PROVIDED RECORDS:
* * * * * * *

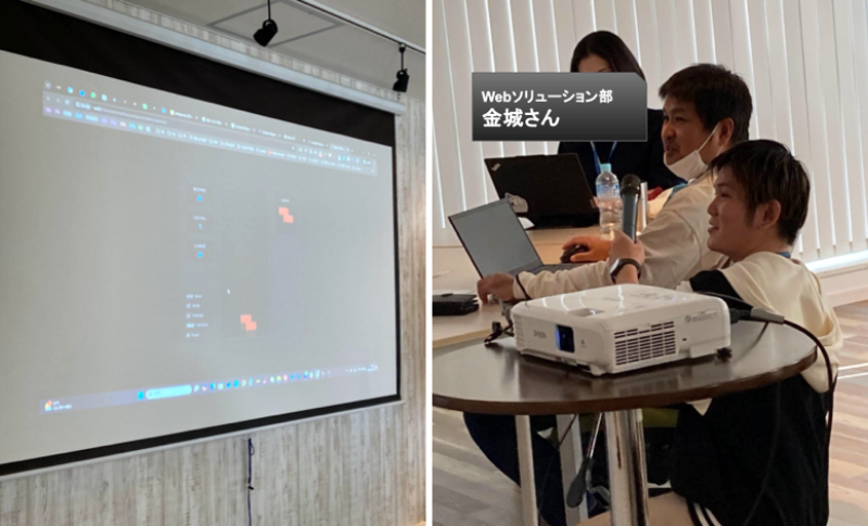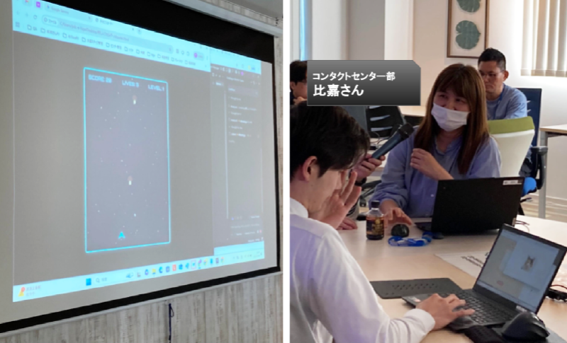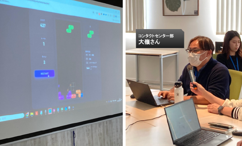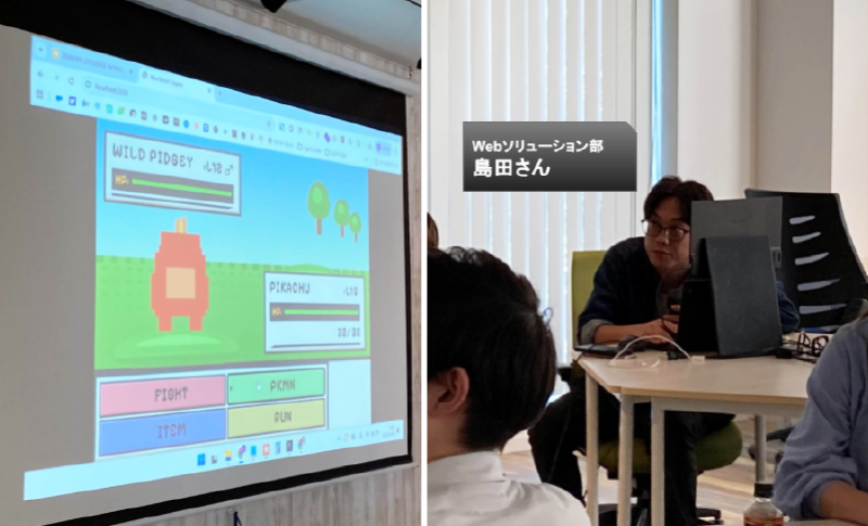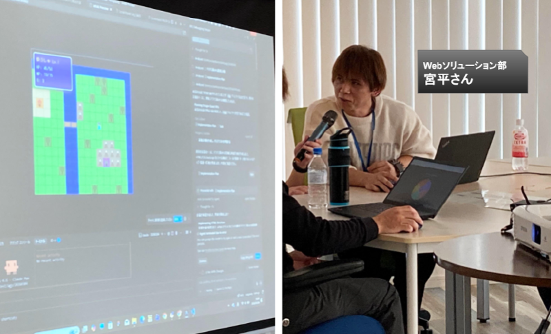 UIが見事に再現されたゲーム画面。「AIへの指示(プロンプト)が的確だと、こんなにも理想のものが早く得られるんだ!」という、日々の業務にも通じるAI活用の極意を共有してくれました。
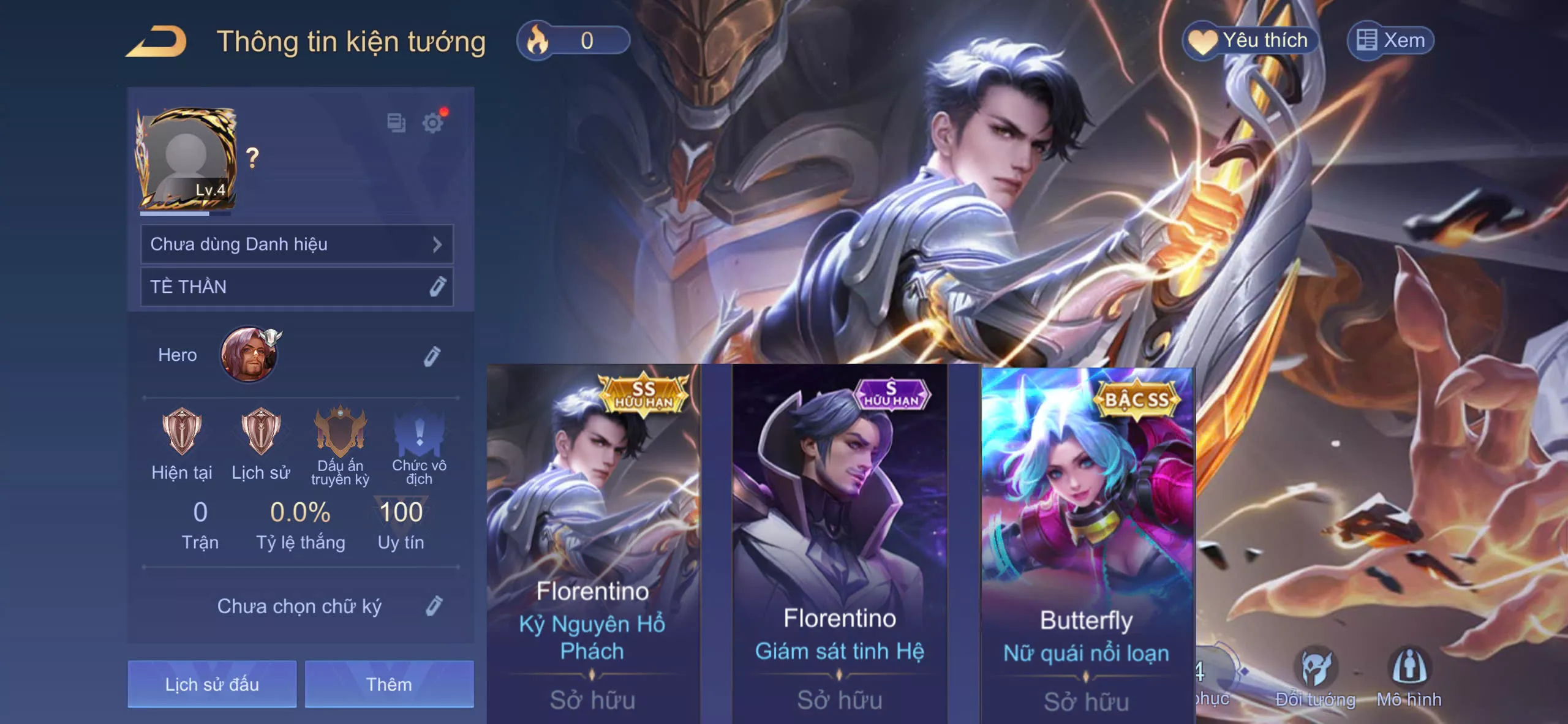 Acc #65591: ACC REG: Butterfly Nữ Quái Nổi Loạn, Florentino Giám sát tinh hệ, Florentino Kỷ Nguyên Hổ Phách… TRẮNG THÔNG TIN, giá 399,000 đ
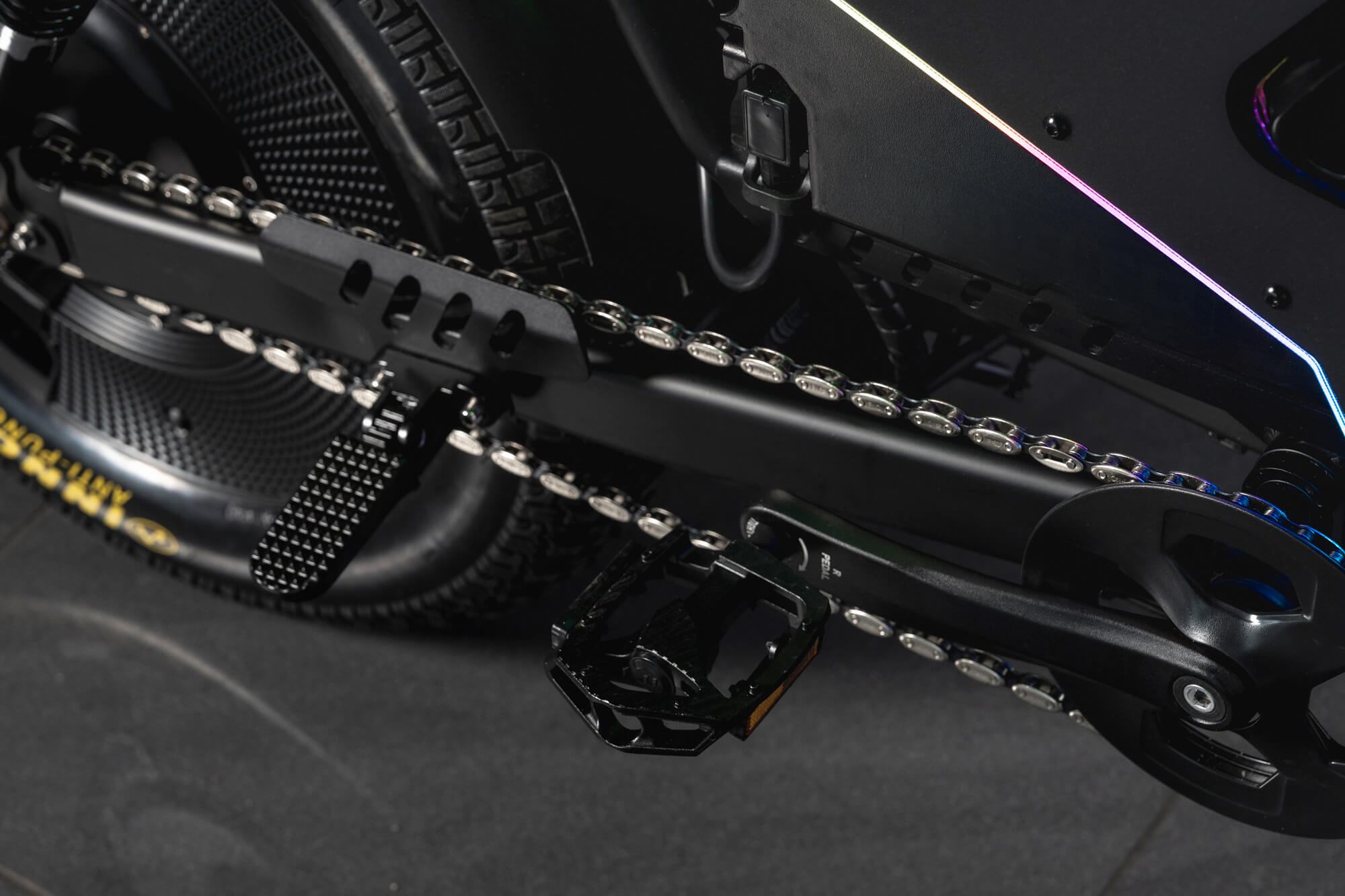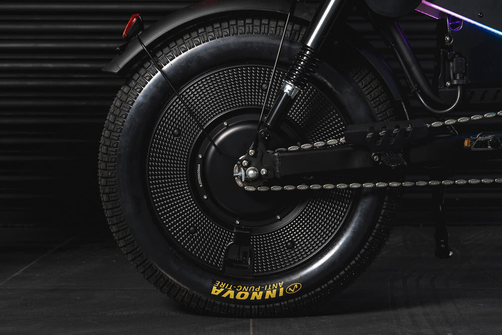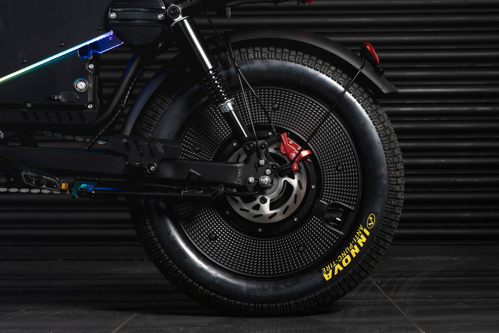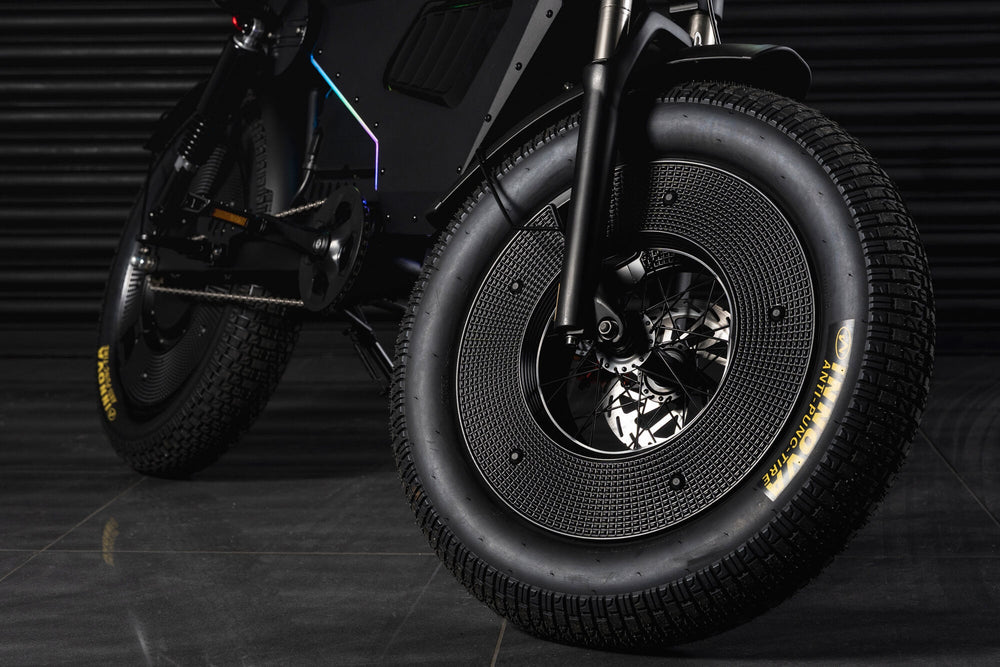 - Puncture-resistant 20×5.0 tyres with reinforced double-wall rims
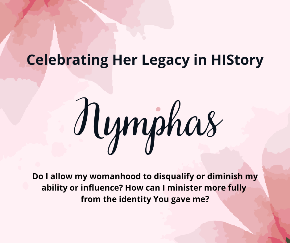 Her legacy for us:  Gender did not keep Nymphas from serving Jesus and His bride.  She used her wealth, position, abilities, and influence to honor God.
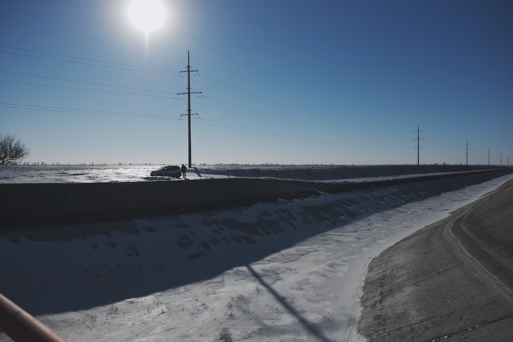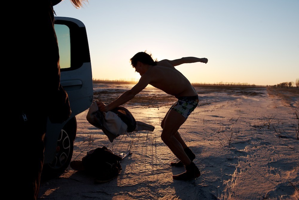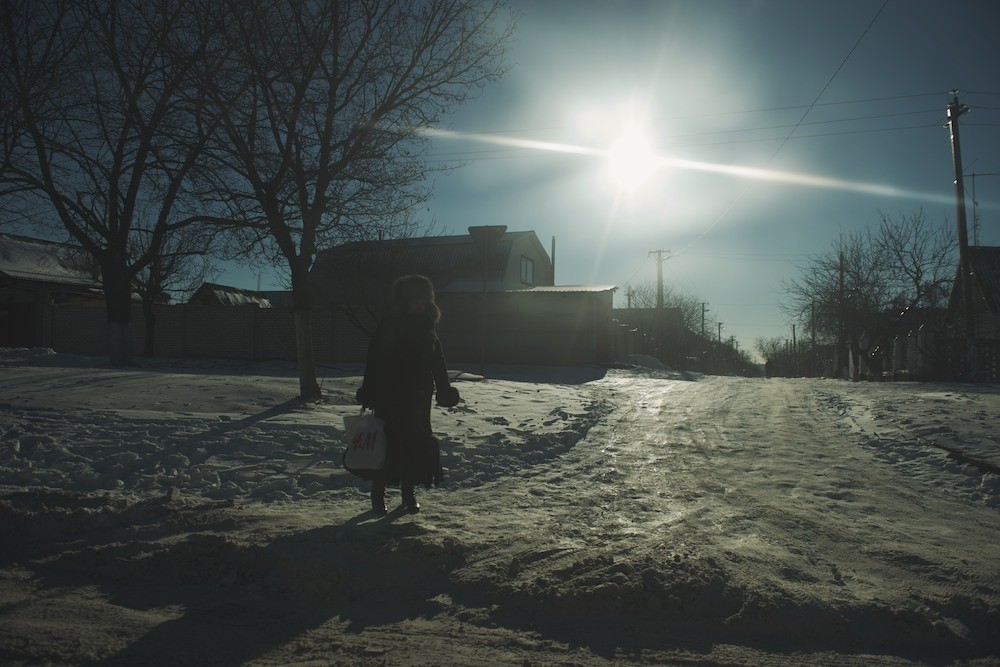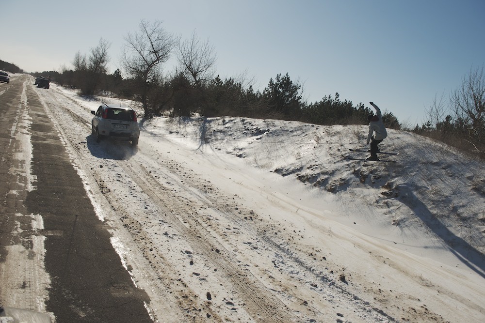 Siamo ancora in Ucraina, lungo il Mar Nero. La forte brezza marina causa la formazione di altissime dune di neve che rendono ancora più difficile il nostro passaggio. Il mare è ghiacciato e quasi non si vede più dove finisce la campagna coperta da brina e dove inizia il mare. Quando raccontiamo che la nostra intenzione è quella di raggiungere Sochi ci rispondono con una risata oppure con uno sguardo incredulo.
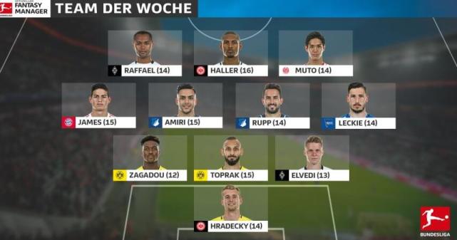 德甲官方第5轮最佳阵容:J罗MVP 日本前锋入围
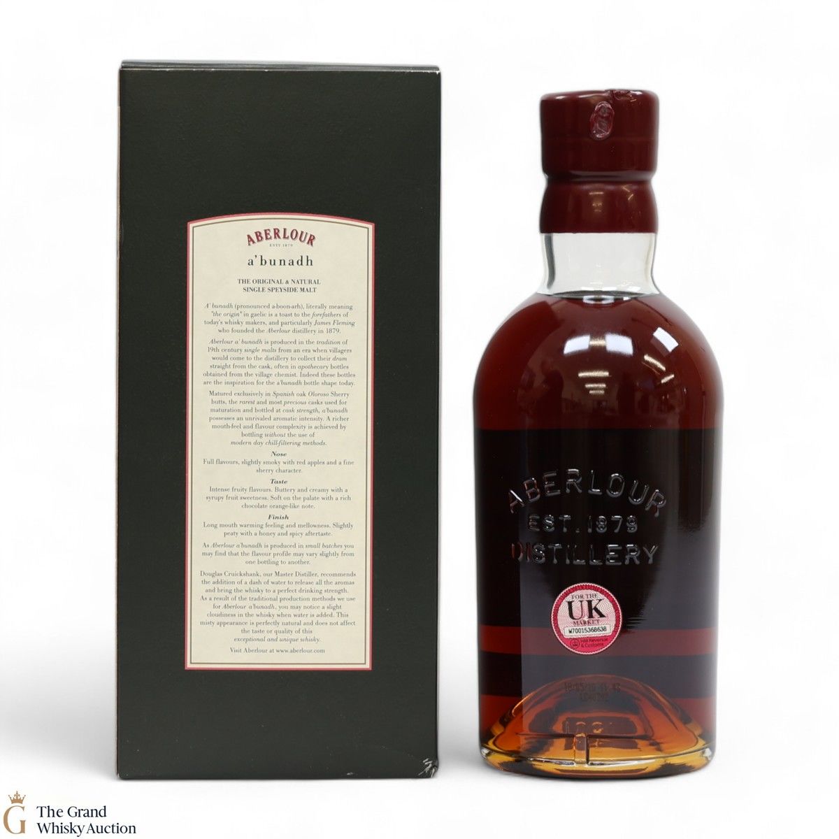 Meaning 'of the origin' in Gaelic, A'bunadh is made in homage to Aberlour's founder, James Fleming. This is batch No. 31 of the popular A'Bunadh single malt. It has been matured in Spanish Oloroso sherry butts and bottled at cask strength at 60.5% creating a dark luxurious whisky.
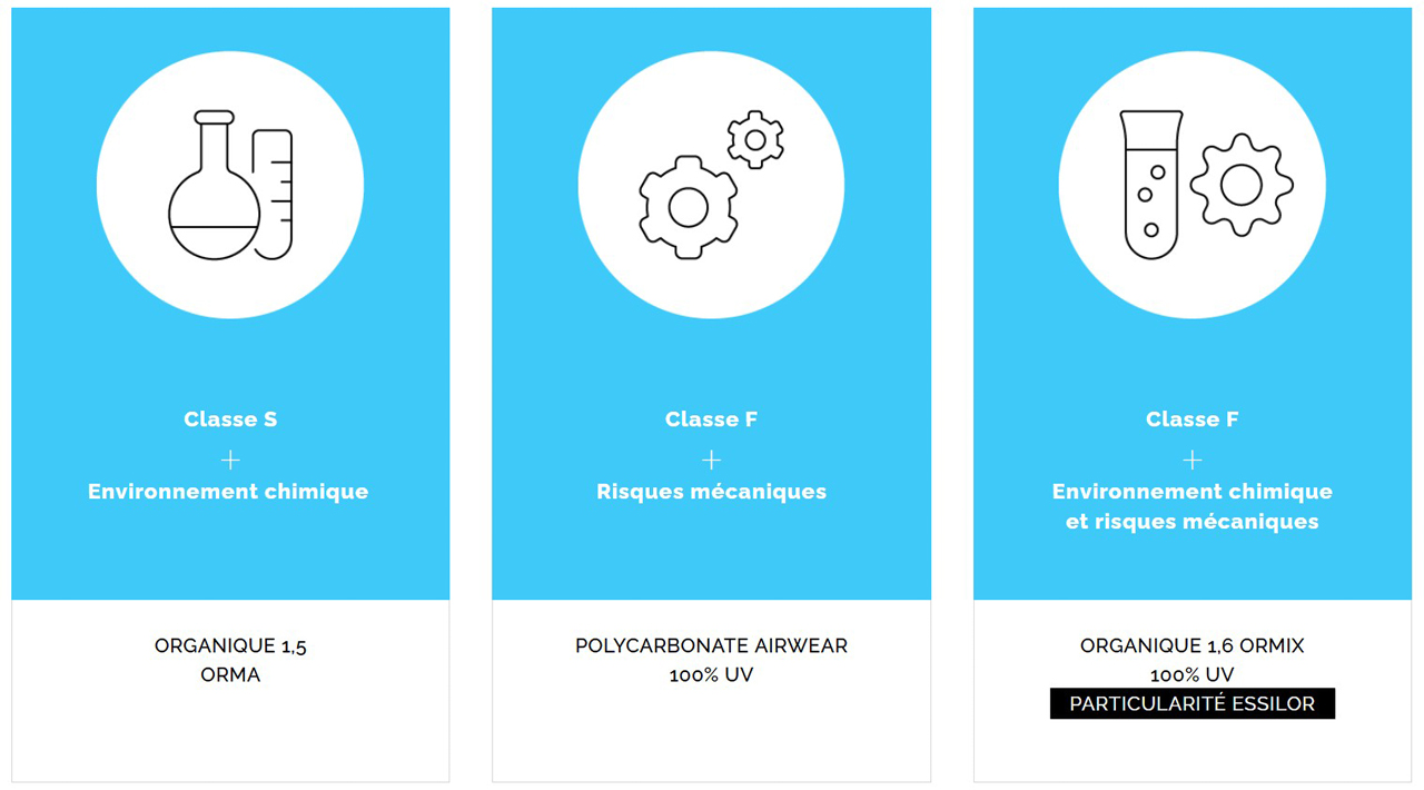Sur un poste de travail, en entreprise ou sur un chantier, les yeux sont exposés aux projections de particules, poussières ou débris pouvant provoquer des blessures graves. Les verres Essilor Pro-Safety® protègent efficacement contre les risques d’accidents oculaires. La performance visuelle est optimisée grâce à une personnalisation des équipements, adaptée aux besoins du porteur et à son environnement professionnel.
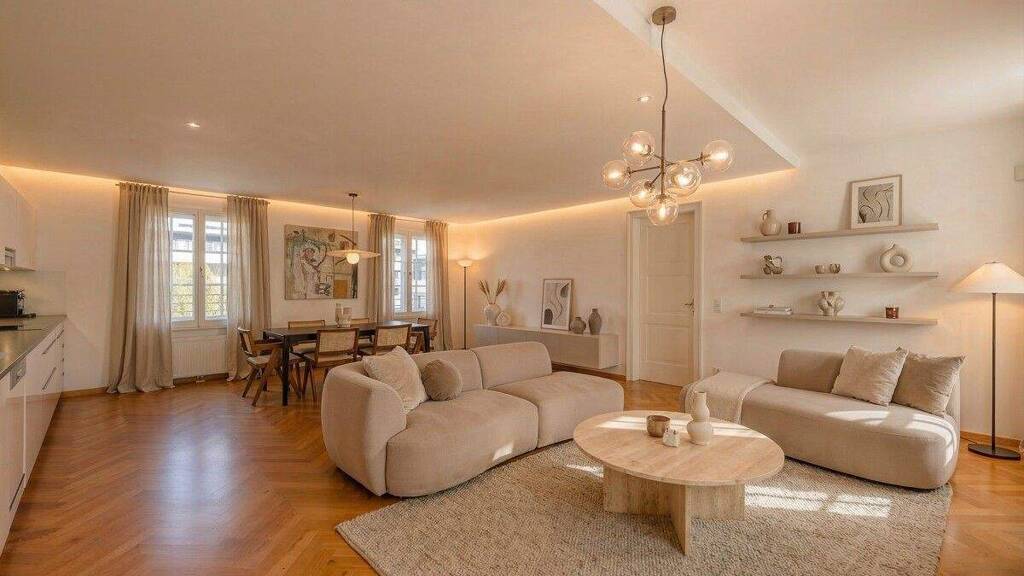- Moderne und gleichzeitig klassische Einbauküche - Praktische Beleuchtungseinbauten (teilweise mit Bewegungsmeldern) - Edle und langlebige Kirschparkettböden im eleganten Fischgrätmuster - Moderne Bäder

* * * * * * *

WHAT TO DO:
Set down exactly, from the line that contains "Sur un poste" through the last line of the data, each line as it stands, and leave the pictures out.

EXERCISE OUTPUT:
Sur un poste de travail, en entreprise ou sur un chantier, les yeux sont exposés aux projections de particules, poussières ou débris pouvant provoquer des blessures graves. Les verres Essilor Pro-Safety® protègent efficacement contre les risques d’accidents oculaires. La performance visuelle est optimisée grâce à une personnalisation des équipements, adaptée aux besoins du porteur et à son environnement professionnel.
- Moderne und gleichzeitig klassische Einbauküche - Praktische Beleuchtungseinbauten (teilweise mit Bewegungsmeldern) - Edle und langlebige Kirschparkettböden im eleganten Fischgrätmuster - Moderne Bäder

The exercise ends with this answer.